Buying Baby Bottles

There are many brands and styles of bottle and teat available on the market and deciding which to purchase for your baby can be very confusing. In some cases, you may need to try several types to find the perfect one for you and your child but to help you decide, here is a quick guide to some of the differences and some ideas for you to think about.

 

Size of bottle and teat

Most standard bottles are 250ml (8 fl oz) although most manufacturers also produce small bottles, most commonly half the size at 125ml (4fl oz). A very young baby drinks very often but only very small quantities of milk each time and so many parents find the smaller bottles easier to handle for the first few weeks or months although even the smallest of babies can be fed with the standard size bottle from birth. As your baby becomes more hungry, they will need a larger amount of milk and so if you do start with the smaller sized bottle, you will need to purchase the standard size bottle as well.

The teat of the bottles are also available in several different sizes that control the rate of flow that the baby can suck the milk at. Teat flows and the names of each size can vary between manufacturers but most will be based on a slow flow, medium flow and fast flow categories.

A newborn baby should be given a slow flow teat as this encourages both you and your baby to learn how to feed. If a baby is given a teat that is too fast them, they may struggle to keep up with the flow causing them to dribble whilst feeding or to make coughing and spluttering noises. If a baby takes in too much air whilst feeding, they may feel unwell afterwards with trapped air or sickness. Once feeding becomes more natural and rhythmic, or if your baby is flustered or frustrated during feeding times, you may need to move up to the next flow level of teat. There is no right age to move to the next level of teat as it is personal preference and you will soon understand how comfortable your baby is whilst feeding and whether you need to move up a teat size.

 

Types of Bottle

All baby bottles bought in the UK should be BPA Free (Bisphenol A) although you may want to check this if buying imported bottles. In 2011, the European Commission banned the use of BPA due to concerns of dangerous chemicals being absorbed by babies.

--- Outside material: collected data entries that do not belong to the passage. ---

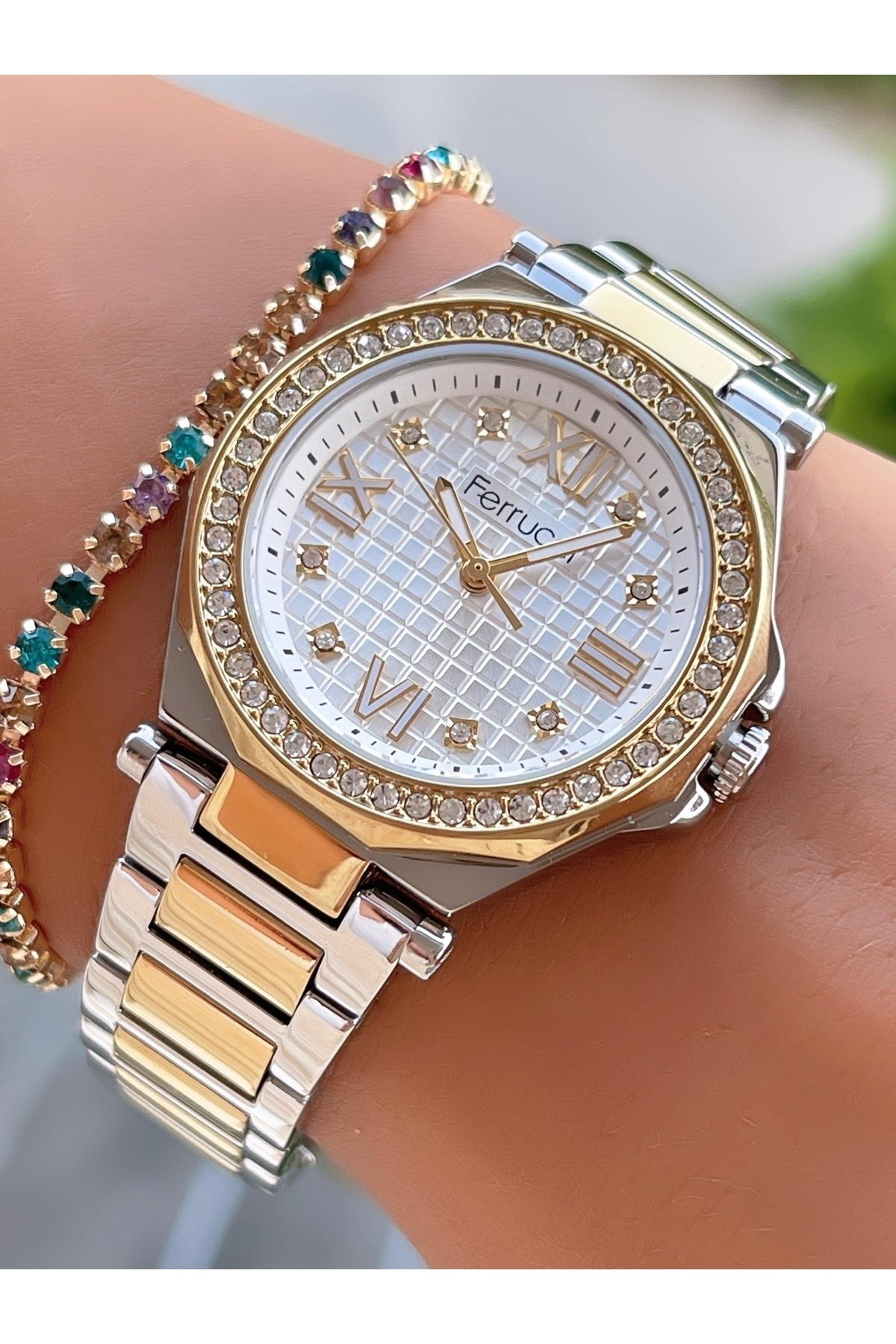 ÇELİK KORDON TAŞ MOTİFLİ KASA 3 ATM SU GEÇİRMEZ KADIN KOL SAATİ+BİLEKLİK HEDİYELİ ÇELİK KORDON TAŞ MOTİFLİ KASA 3 ATM SU GEÇİRMEZ KADIN KOL SAATİ+BİLEKLİK HEDİYELİ FERRUCCİ ÇELİK KORDON KADIN SAAT(C2) تک سایز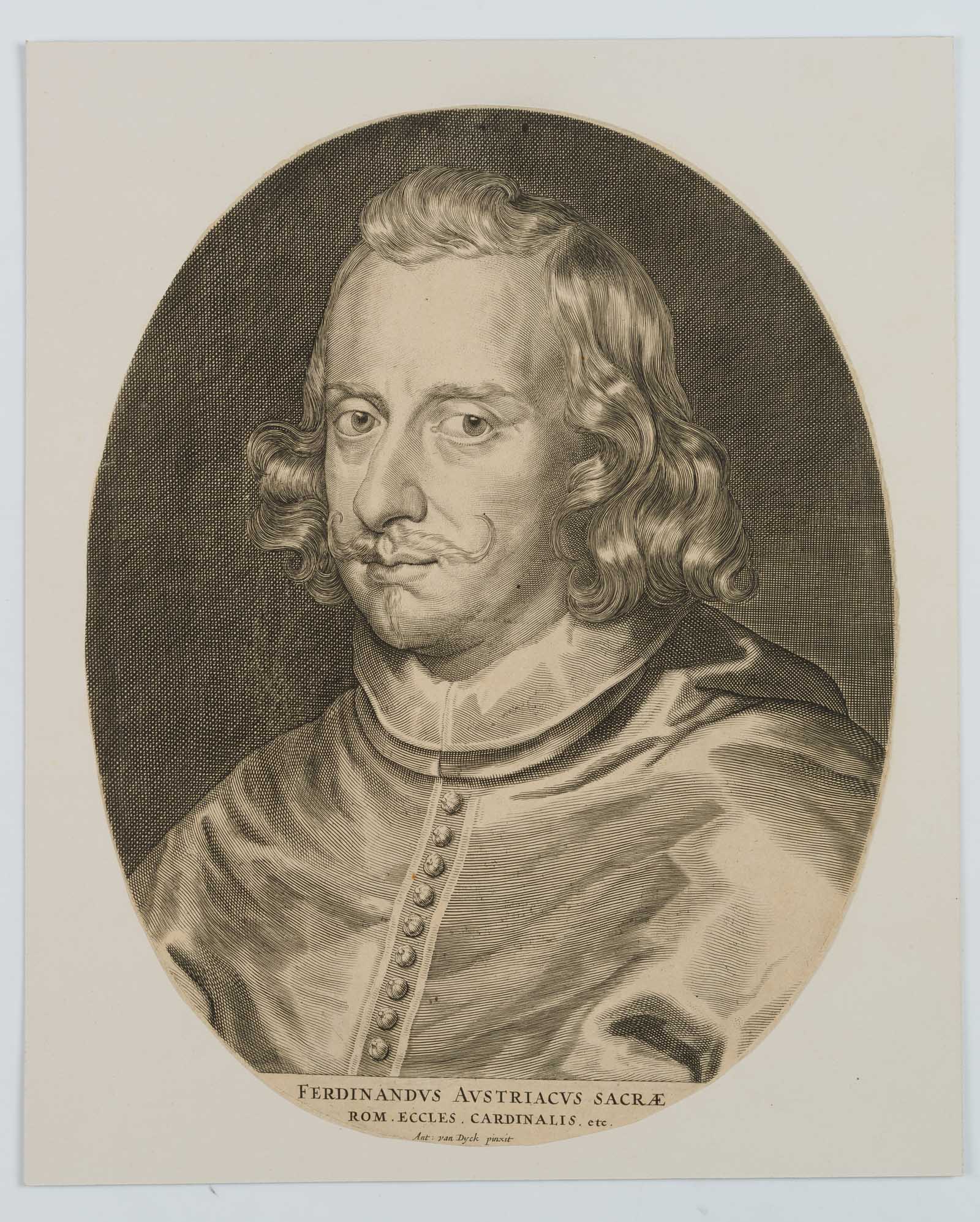 Nach Anthonis van Dyck (1599 Antwerpen – 1641 London), Portrait des Ferdinand von Spanien und Portugal. Kardinalinfant. Prinz aus der spanischen Linie des Hauses Habsburg, 18. Jahrhundert, Kupferstich
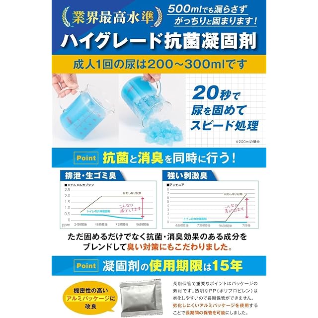 【重要なお知らせ】本製品の凝固剤は、製造日から15年以上の保存が可能です。そのため、お手元に届いた時点で、製造日からの経過により使用期限が15年未満と表示されている場合がございますが、ご安心ください。実際には15年以上のご使用が可能です。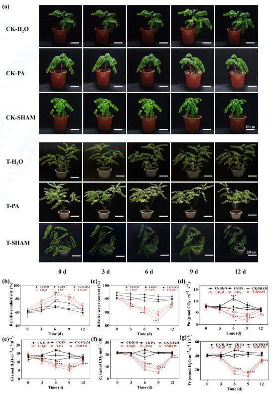 Physiological response of the tetraploid R. pseudoacacia to high CO2 concentrations. (a) Phenotypes of R. pseudoacacia under CO2 treatment. Plants were exposed to CO2 stress for 9 days and then recovered to air CO2 levels for 3 days. CK-H2O: control; CK-PA: pyruvic acid-treated; CK-SHAM: salicylhydroxamic acid-treated; T-H2O: CO2-treated; T-PA: co-treated with CO2 and PA; and T-SHAM: co-treated with CO2 and SHAM. Bar: 20 cm. Effect of high CO2 concentrations on relative electrical conductivity (b), relative water content (c), net photosynthetic rate (Pn) (d), stomatal conductance (Gs) (e), intercellular CO2 concentration (Ci) (f), and transpiration rate (Tr) (g). Six biological replicates were analyzed, and the error bars represent the SE. Asterisks indicate significant differences as determined by Dunnett’s test. (* p ≤ 0.05; ** p ≤ 0.01; *** p ≤ 0.001).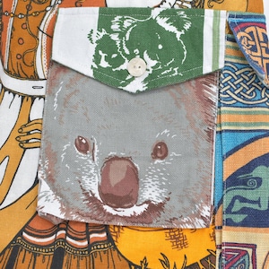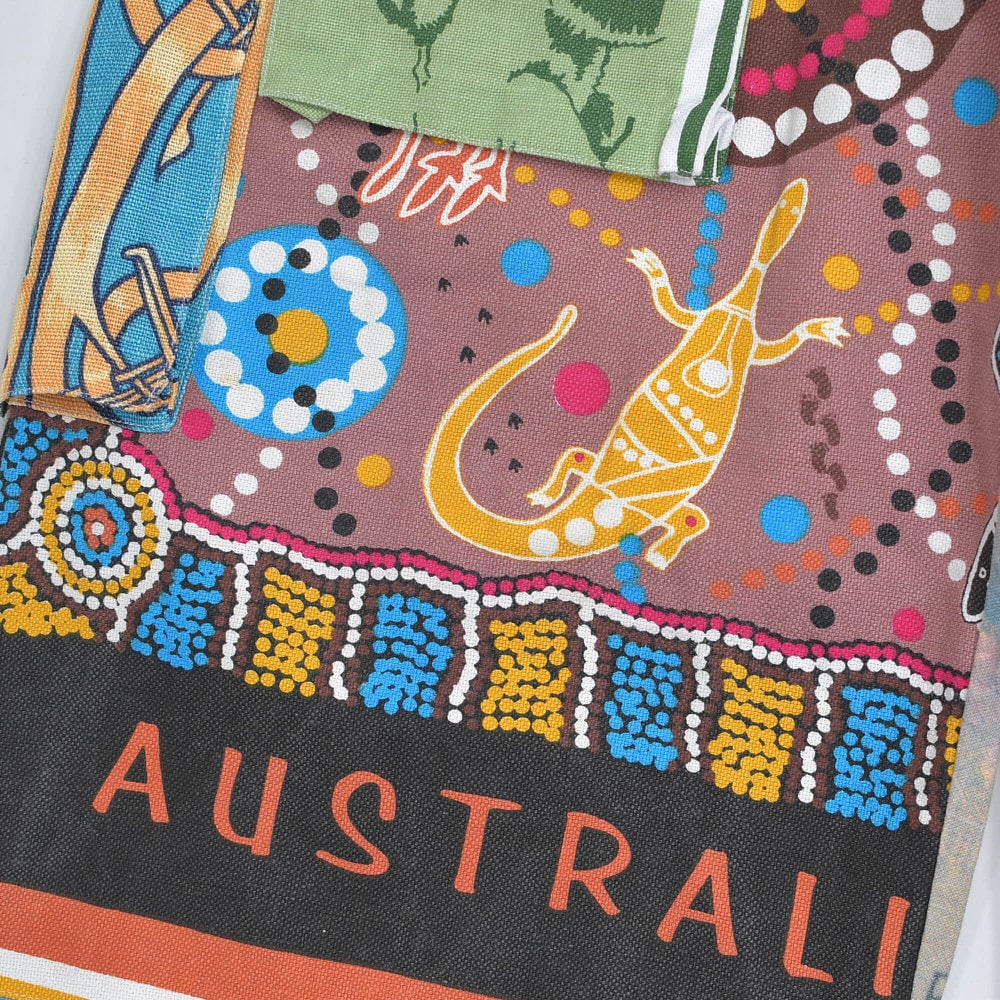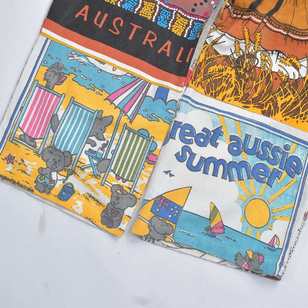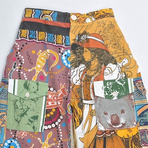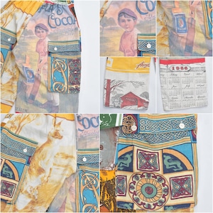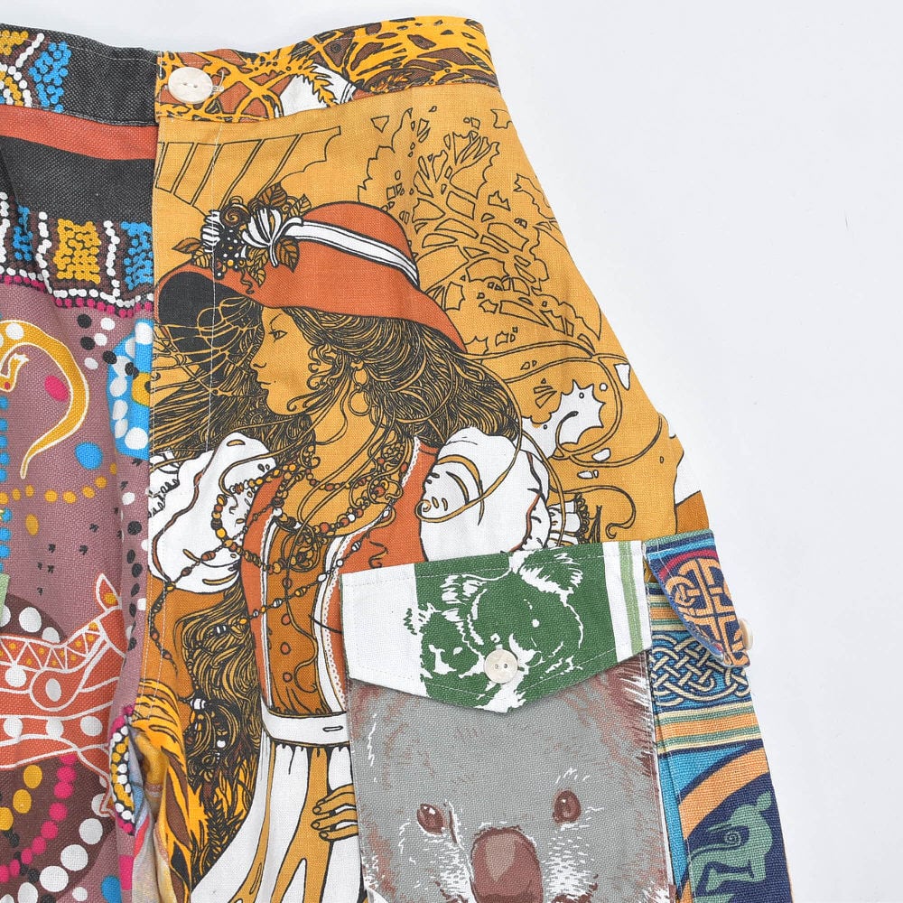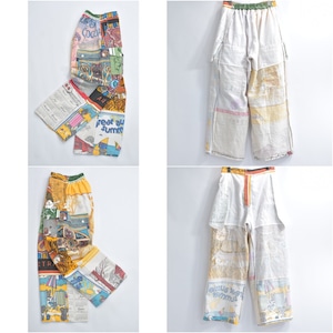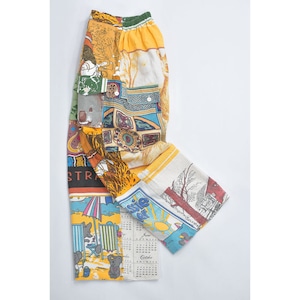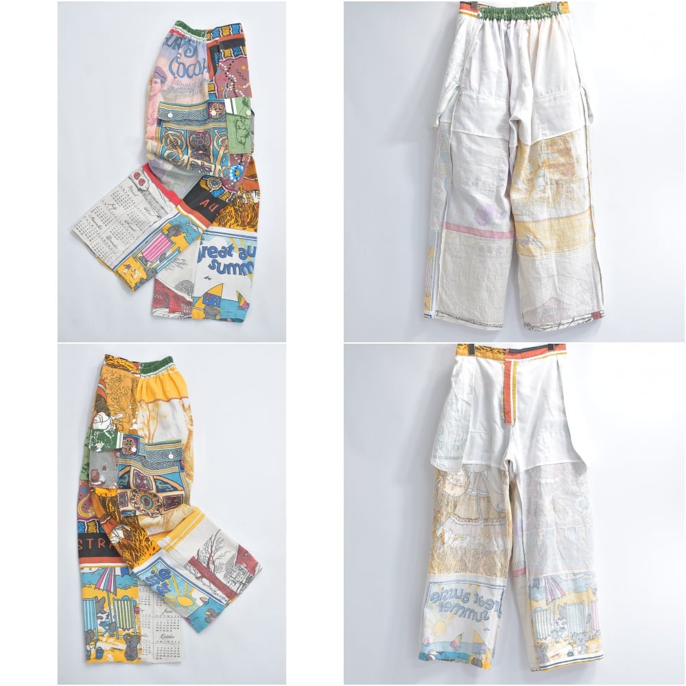 ティータオルやカレンダーの色んな生地を丁寧に繋ぎ合わせて一本のパンツに仕上げたリメイクパンツ

  • Basic/Standard Bottles – These are widely available and are very reasonably priced. They are often narrow and cylindrical in shape and can be bought plain or with colourful designs on them. They are available with the teat and lid or will fit spare teats and lids that can be bought separately. This type of bottle should easily fit other accessories on the market such as bottle coolers, bags and standard sterilisers. However, they can be tricky to fill as the neck is so narrow.
  • Wide-necked Bottles – These bottles are wider than the basic bottle making them easier to fill and clean. They are shorter and fatter than the basic bottle meaning that it may harder to fit into standard accessories like bottle cooler and you won’t be able to fit as many into your steriliser at the same time. However, some people find them more comfortable to hold whilst feeding.
  • Anti-Colic Bottles – These bottles are designed to reduce the amount of air that a baby swallows whilst feeding as is thought be a cause of colic. Using these does not guarantee that your baby will not suffer from colic but they can reduce the symptoms for some babies. Anti-Colic bottles usually have an air vent, a tube or a collapsible bag inside to help reduce the intake of air. This type of bottle is usually more expensive and can be difficult to clean thoroughly. They are also unlikely to be standard size and therefore you may need to buy branded accessories like steriliser.
  • Shaped Bottles – It is possible to buy baby bottles that are shaped to make it easier for an older to baby to feed themselves. You will need to research these as they come in many styles, the most popular is an oval shaped bottle with a hole in the middle making it easier to be gripped. These bottles can be difficult to clean and will not fit your steriliser easily but can help help your baby gain independence. Some manufacturers sell handles that do the same purpose which can be fitted onto their standard bottles to aid the child feeding.
  • Disposable or Ready-to-Feed Bottles – Although these are convenient if you are out as there is no need to sterilise or make up milk, they can be very costly and are not environmentally friendly. They are not readily available in every type of milk and many parents prefer to find a brand that suits their child and so it may not be an option.
  • Glass Bottles – Some manufacturers produce their bottles in glass as well as plastic. The advantages to using glass is there is no risk of chemicals being absorbed by the baby, they are more environmentally than plastic and that they don’t stain and are easy to clean. However, glass is breakable and this may be worrying for a new parent.
    Types of Teat

Teats for bottles can be latex or silicone although most manufacturers will only produce one type of teat for their bottles. There’s not many differences between them, although latex teats tend to be softer and more flexible but silicone teats last longer and are more durable. A baby may have a preference to one or the other and if your child is struggling to be content at feeding times, you may wish to use a different teat.

The shape of the teat can also vary, the main shapes being the traditional bell shape or a ‘natural’ bulbous shape that resembles the shape of a woman’s breast and nipple.

It is important that you check the teat carefully and regularly. If they get damaged, or if your baby chews the teat once their teeth come through you will need to replace the teat as it may become a potential choking hazard.